Hertsmere Borough Council has succeeded in a legal battle to help protect the privacy of people on the electoral register.

The authority was one of a group of 15 councils to have fought a legal challenge from the company behind the directory website 192.com.

192.com Ltd objected to the practice of ‘pre-ticking’ the annual electoral registration canvass form on which electors had previously indicated that they did not want their details included in the edited version of the register.

There are two versions of the register, the ‘full’ version, which is used for elections and other limited purposes such as credit checks, and the ‘edited’ version, which must by law be made available for general sale and can be used for any purpose.

Hertsmere Borough Council said companies such as 192.com have a commercial interest in ensuring that as few people as possible opt out from the edited register because they use the information on their sites.

Towards the end of 2012, 192.com threatened councils’ electoral registration officers with judicial review proceedings if they did not sign an undertaking promising not to ‘pre-tick’ canvass forms, meaning people who had previously opted out would have to remember to tick the box again in order to continue to have their choice respected.

When 27 councils refused to sign this undertaking, 192.com issued a judicial review claim on January 24 last year.

Twelve of the electoral registration officers agreed to sign the undertaking, but the 15 who continued to refuse mounted a common defence.

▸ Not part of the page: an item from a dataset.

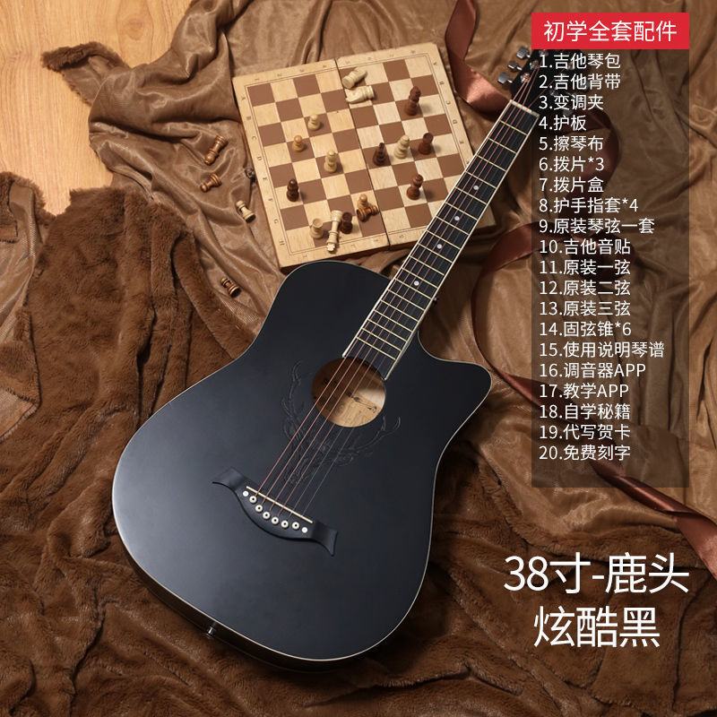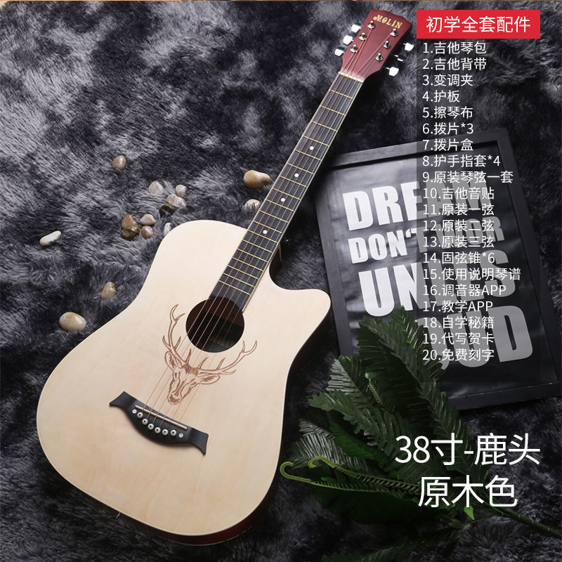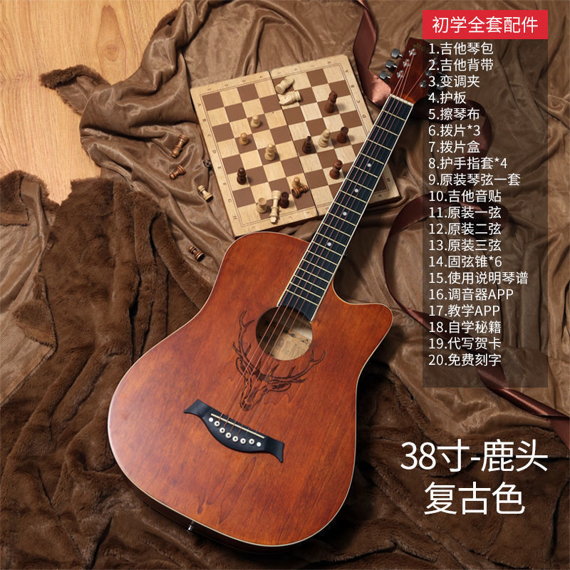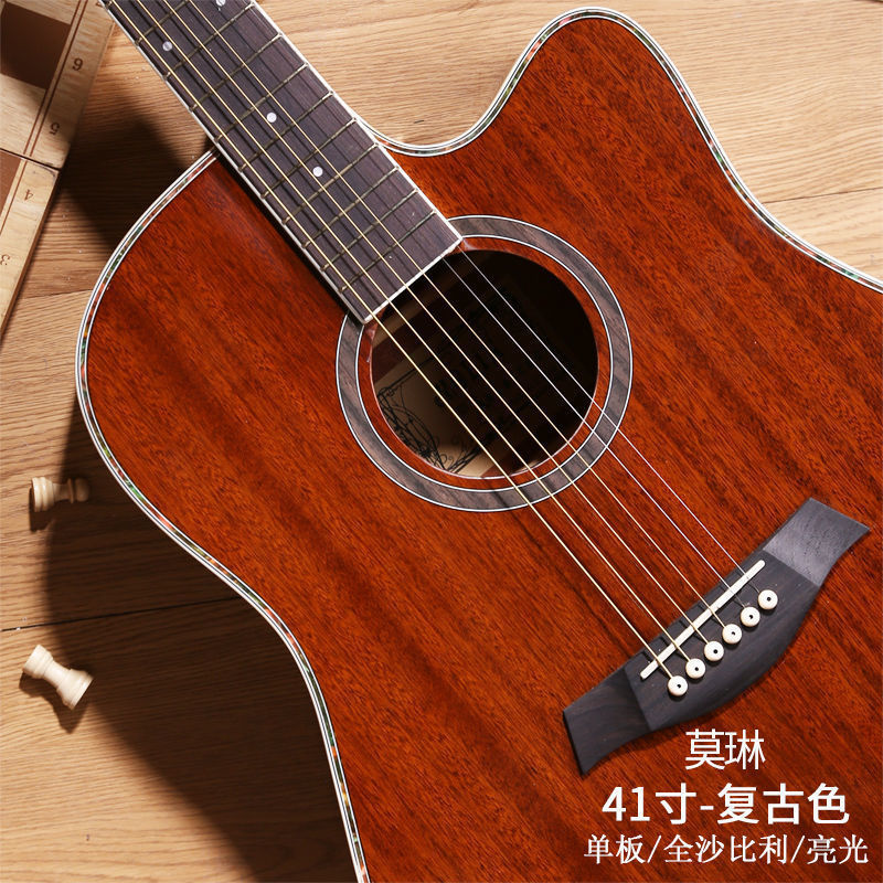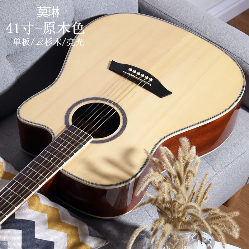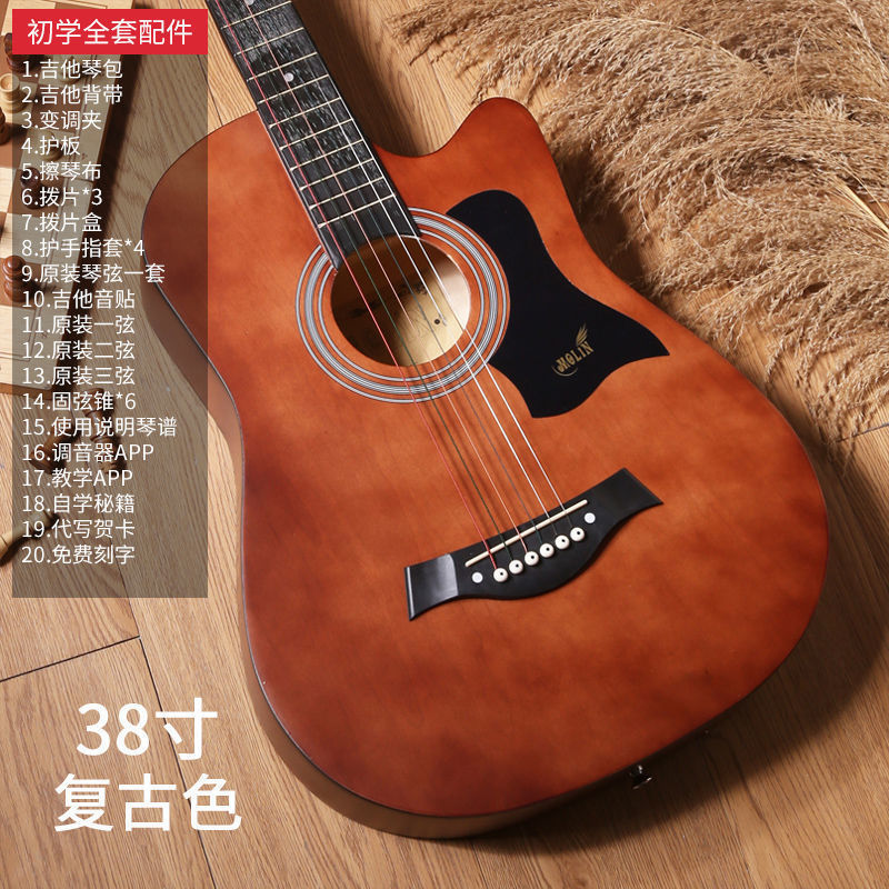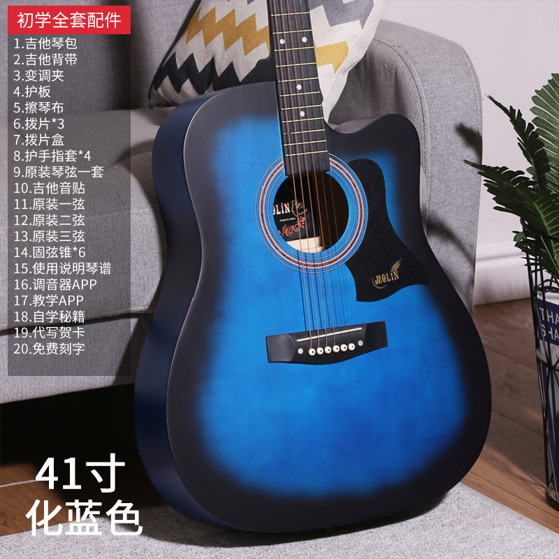 • [밝은 연주 수준] 41inch - 나무 색상 - [일렉트릭 박스 기타] 액세서리 + 교재 + 튜너 풀 세트

The hearing was listed at the High Court for March but 192.com discontinued its claim and legal costs were awarded to the group of defendant electoral registration officers.

Hertsmere Borough Council’s chief executive Donald Graham, said: "We take the privacy of our electors very seriously so we are pleased with this positive outcome.

"Our view is that if people have previously expressed a desire not to be included in the version of the register available for general sale it is our duty to reflect that. There was an important principle at stake here and working together we have defended it."

Three Rivers District Council also tried to defend the claim.